Samsul yang diikat kedua tangan dan kakinya terlihat mengejang, dan tembakan kedua melesat lagi ke arah dada sebelahnya, yang akhirnya mengakhiri hidup Samsul.


Samsul tewas sebagai seorang sahabat, saudara dan sekaligus abdi setia Damar.


"Buang dia ke kali, paling-paling jika ditemukan orang, dikira dia dibunuh Jepang."


Kata Tuan Ageng Parta Prawira dingin.


Ia kemudian berjalan masuk kediamannya, para algojonya kemudian melepas ikatan Samsul untuk menuruti perintah sang Tuan guna membuang mayatnya.

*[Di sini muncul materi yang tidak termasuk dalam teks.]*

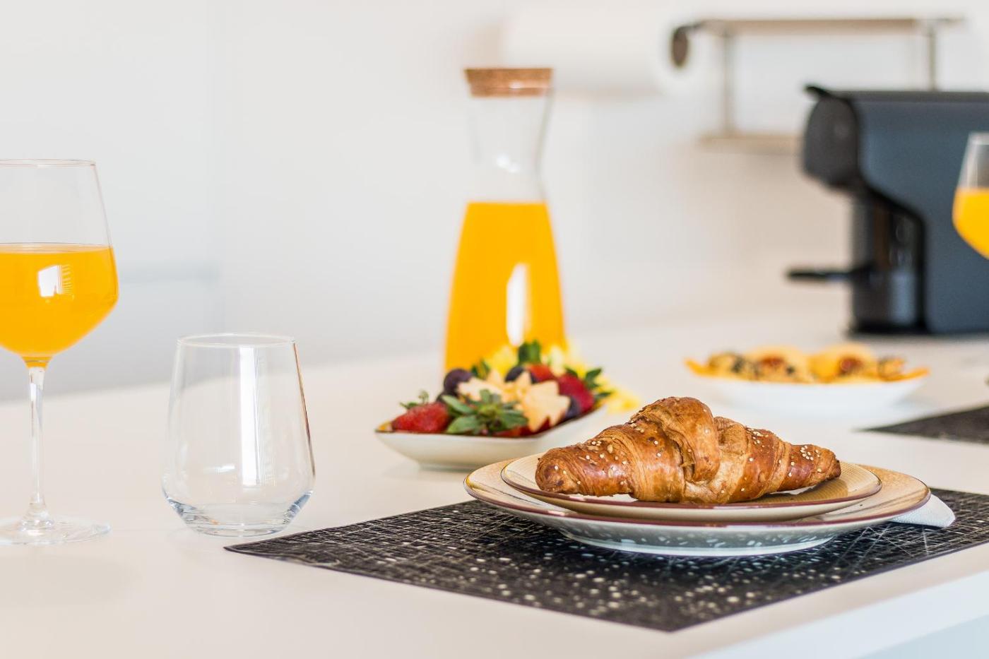 Este apartamento com ar condicionado tem 1 quarto, uma sala de estar, uma kitchenette totalmente equipada com frigorífico e máquina de café, e 1 casa de banho com chuveiro e um secador de cabelo. Toalhas e roupa de cama são providenciadas neste apartamento.

Esok paginya di padepokan Ki Gedhe Tirtayasa, tampak Ki Gedhe Tirtayasa bersiap menuju kediaman Tuan Ageng Parta Prawira.


Sementara Damar dan Lestari sudah diungsikan sebelum subuh dengan dibantu warga desa yang mengantar ke tempat pengasingan mereka ditemani Mang Dayat.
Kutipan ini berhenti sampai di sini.